This work was done in compliance with Institutional Animal Care and Use Committee protocols at University of Pittsburgh (No. 18103943).

Data and code availability

All read data are available in the European Nucleotide Archive under accession number PRJEB41509. All code for analyses are available at https://github.com/AdamStuckert/Oophaga_pumilio and Stuckert 2023.

Husbandry and sample collection

Animals used in this experiment were sampled from a pure-breeding line established from wild-caught individuals collected from Isla Popa in the Bocas del Toro province of Panama. Within this population, adult males and females are qualitatively similar in coloration: green with black spots dorsally and bright yellow ventrally (Summers et al. 2003; Maan and Cummings 2009); Fig. 1).

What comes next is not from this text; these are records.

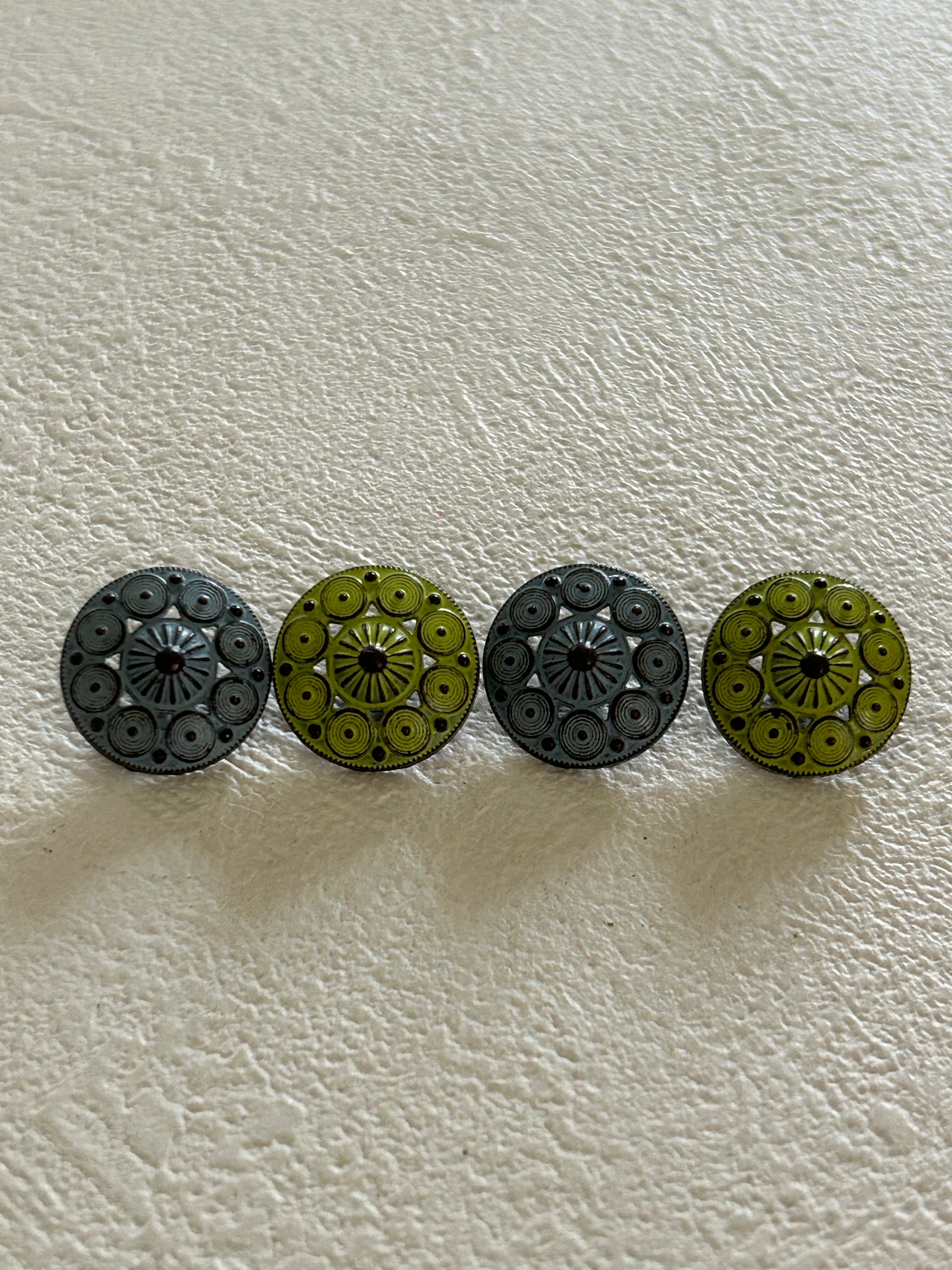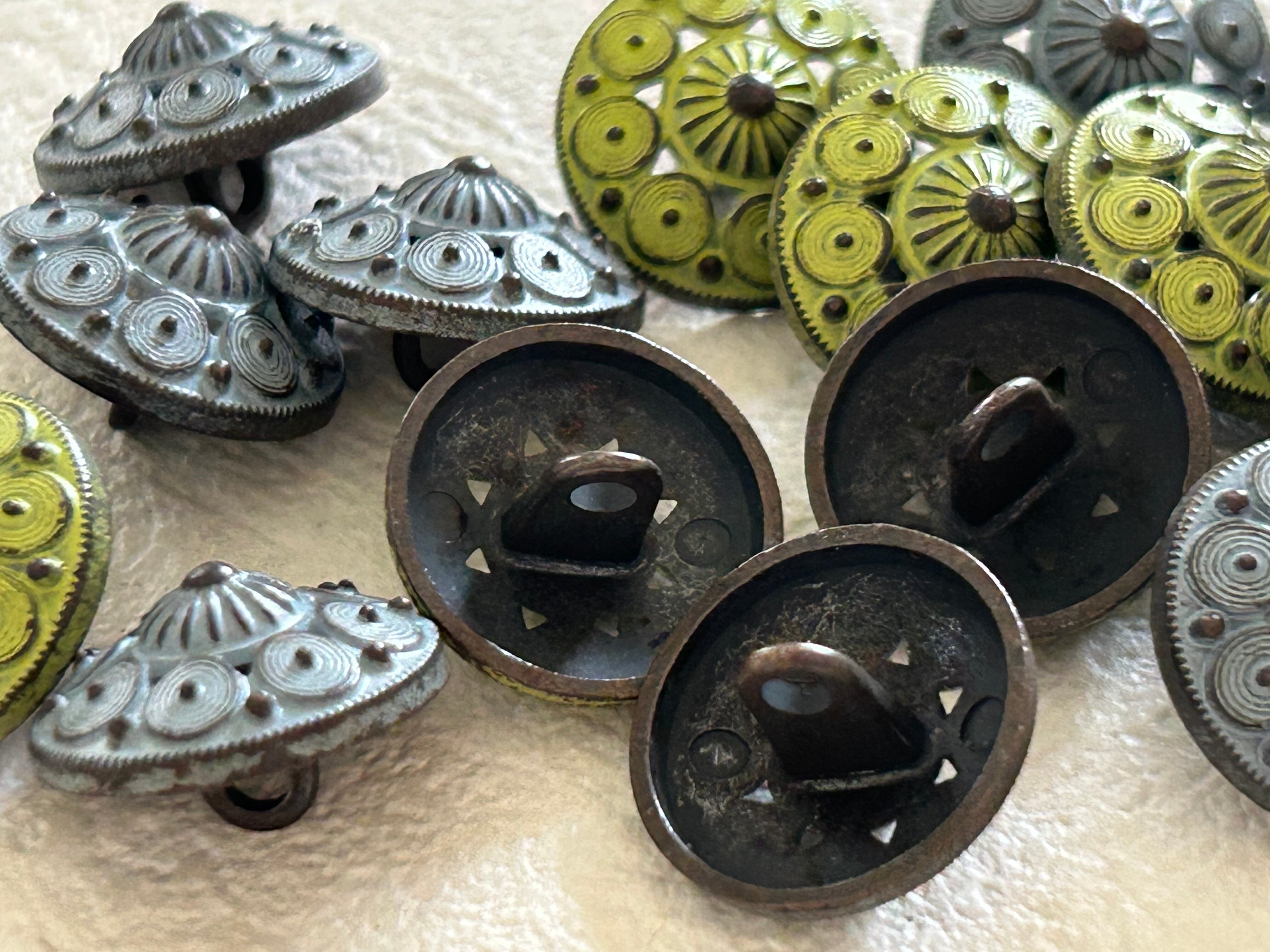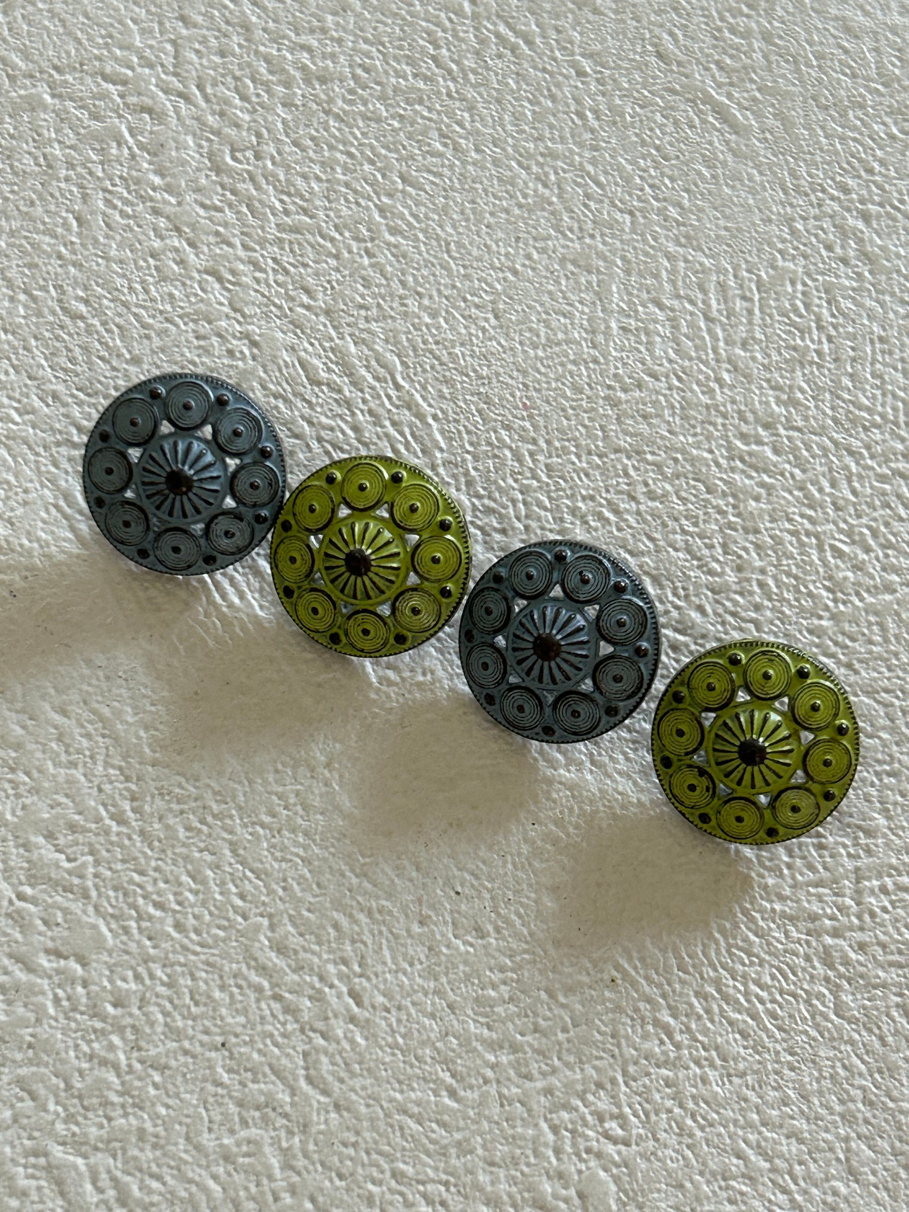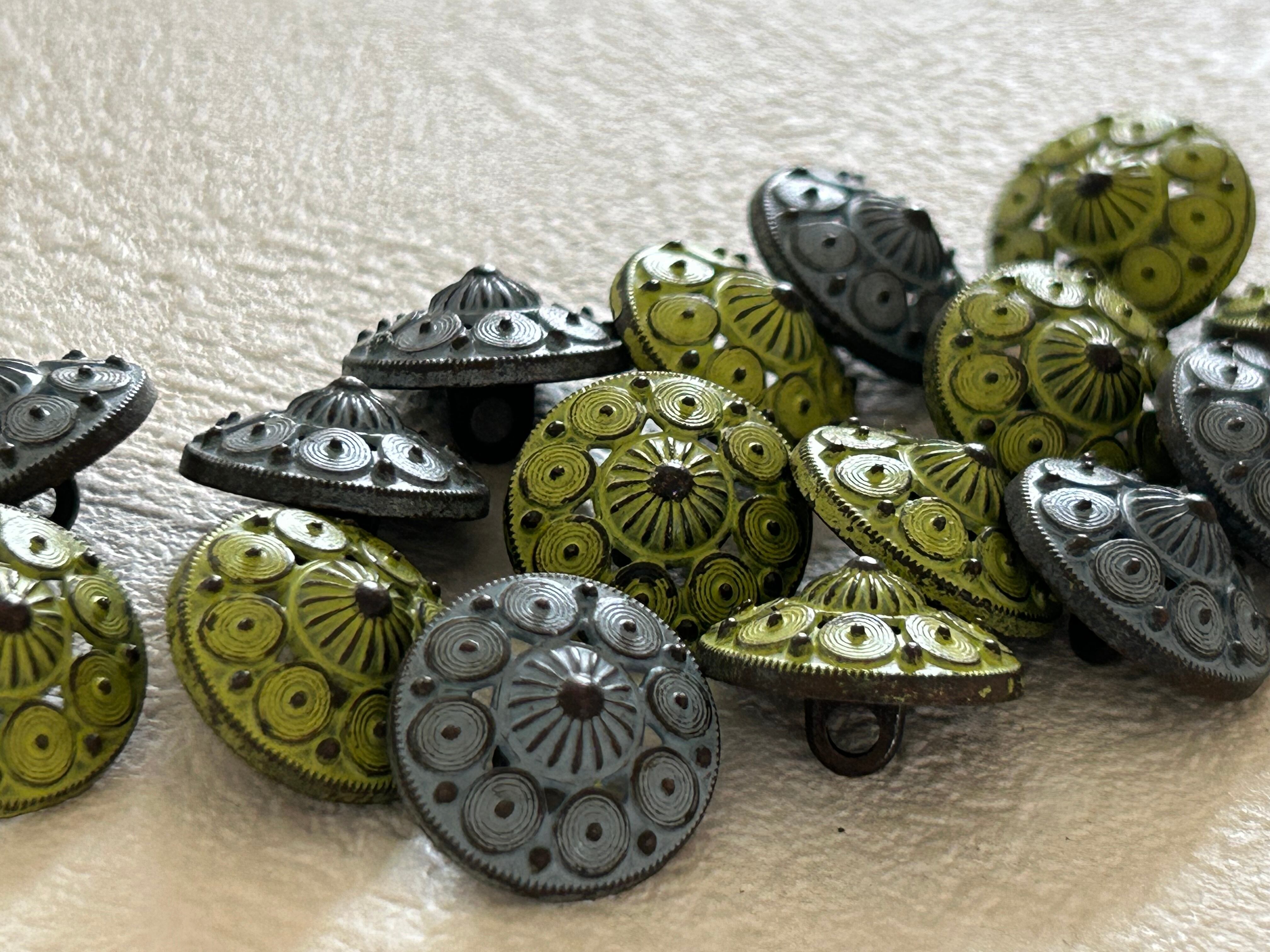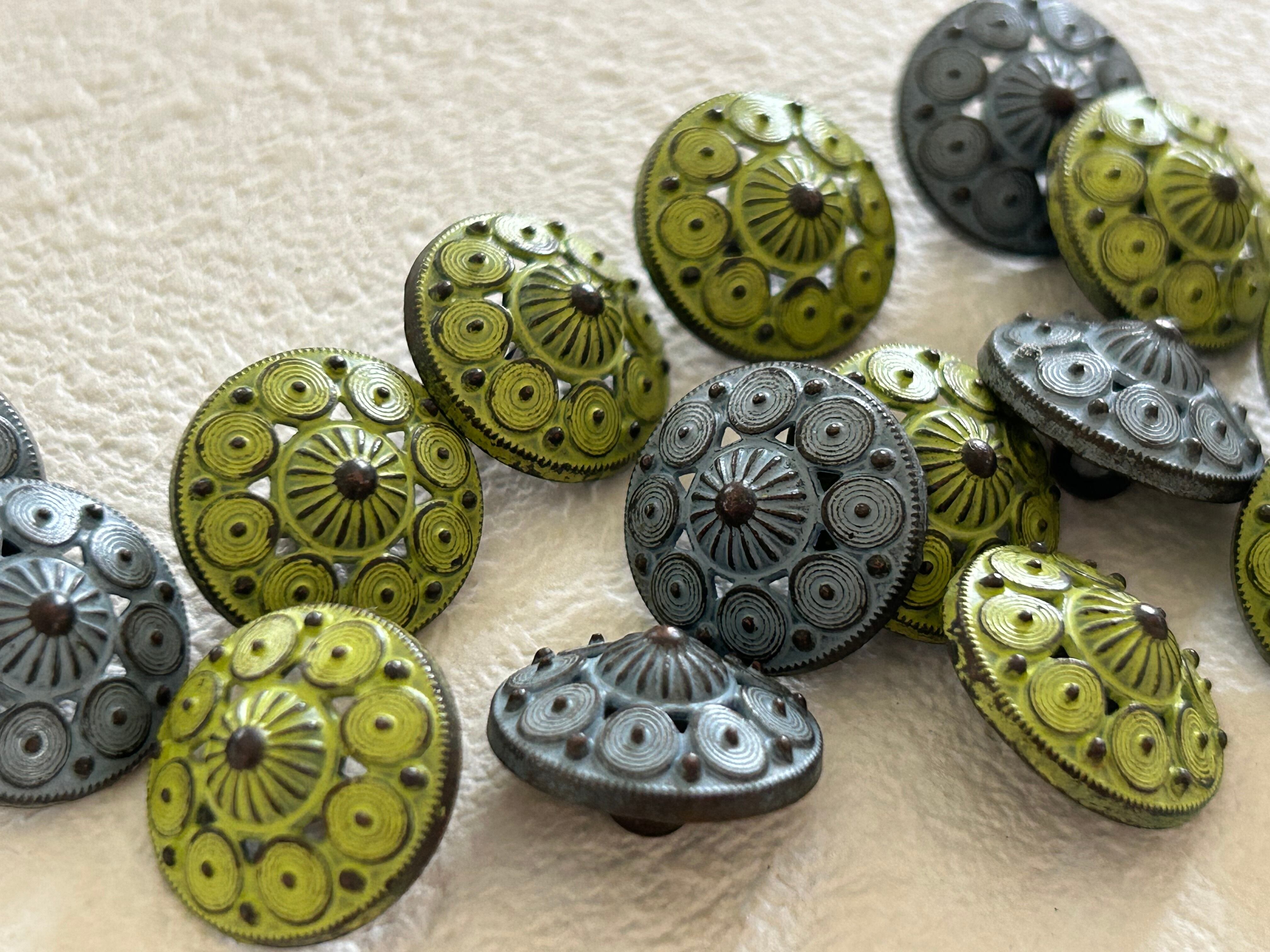 輸入デザインボタン シャビー メタルボタン ドーム型 15mm イエローグリーン/ブルーグレー アクセサリーパーツ デコレーション材
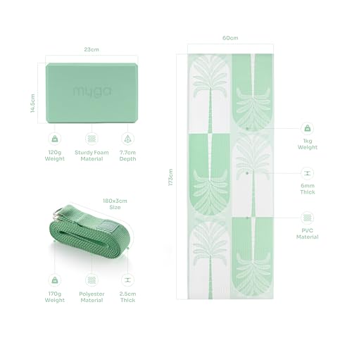 Myga Yoga Starter Set – 6mm Non-Slip Exercise Mat, Block & Strap for Yoga, Pilates, Meditation & Stretching – Beginners Kit for Men & Women with Gift Box – Durable for Home, Gym & Travel – 173 x 61cm
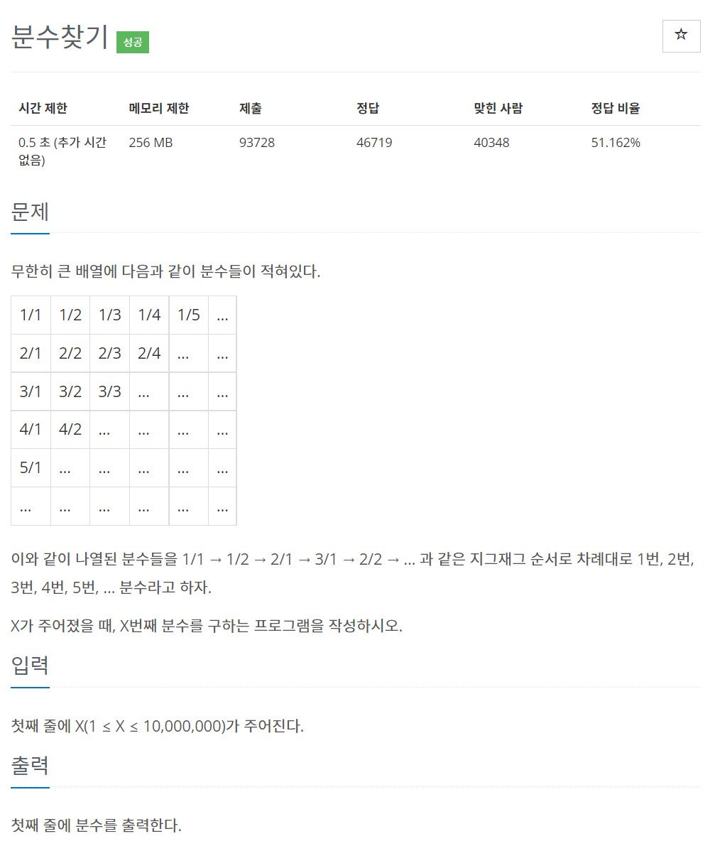 ※ 문제 풀이 코드는 맨 아래에 있습니다. 문제 무한히 큰 배열에 다음과 같이 분수들이 적혀있다. 1/1 1/2 1/3 1/4 1/5 … 2/1 2/2 2/3 2/4 … … 3/1 3/2 3/3 … … … 4/1 4/2 … … … … 5/1 … … … … … …
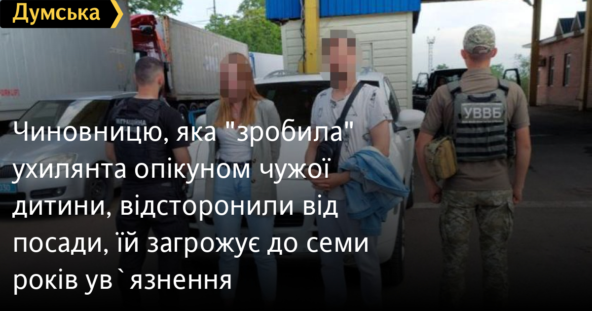 Чиновницю, яка «зробила» ухилянта опікуном чужої дитини, відсторонили від посади, їй загрожує до семи років ув`язненняОчільницю служби у справах дітей громади Одеського району підозрюють у допомозі ухилянту виїхати за кордон, прикриваючись фейковим опікунством над дитиною. Посадовиці загрожує до семи років за ґратами, повідомили в поліції регіону. Чиновниця допомогла оформити опікунство над 15-річним хлопцем. Його 29 річна мати використала свою прийомну дитину для безперешкодного вивезення ухилянтів за кордон (відомо про три епізоди). Призовник отримував документи про опіку над підлітком, які дозволяли йому з дитиною виїхати з України. Обвинувальний акт щодо матері вже в суді. У ході слідства з'ясувалося, що до видачі цих фейкових документів причетна очільниця служби у справах дітей громади Одеського району. Матеріали щодо посадовиці поліцейські виділили в окреме провадження. На прохання своєї знайомої вона внесла до документів неправдиві дані про те, що підліток проживає з 38-річним жителем Одеського району, який і забезпечує його базові потреби. Також фігурантка передала знайомій погоджений та завірений печаткою бланк заяви про надання згоди на виїзд за кордон неповнолітньому у супроводі нового опікуна, до якої згодом були внесені неправдиві дані. Посадовиці повідомили про підозру у внесенні службовою особою до офіційних документів завідомо неправдивих відомостей та у сприянні організації незаконного переправлення осіб через державний кордон України шляхом надання засобів, вчиненому службовою особою з використанням свого службового становища. Суд обрав підозрюваній запобіжний захід у вигляді застави розміром сто тисяч гривень. Жінку відсторонили від посади. Їй загрожує до семи років ув'язнення з трирічною забороною обіймати певні посади чи займатися певною діяльністю. СМЕРТЬ РОСІЙСЬКИМ ОКУПАНТАМ! Помітили помилку? Виділяйте слова з помилкою та натискайте control-enter |

All animals were housed in the same walk-in environmental chamber (Darwin Chambers Company, St. Louis, MO) at the University of Pittsburgh per Dugas et al. (Dugas et al. 2013) throughout development. Adult frogs were fed with springtails (Collembola) and fruit flies (wingless Drosophila melanogaster) dusted with powdered supplement (Repashy calcium supplement Plus ICB, Repashy Ventures Inc., San Marcos, CA). The fruit flies were raised on a growth medium supplemented with carotenoids (see Dugas et al. 2013 for details). Females regularly provide tadpoles with unfertilized eggs until close to metamorphosis (~ 45 days) and each tadpole is fed approximately five times (typically one trophic egg per feed) before metamorphosis (Pröhl and Hödl 1999).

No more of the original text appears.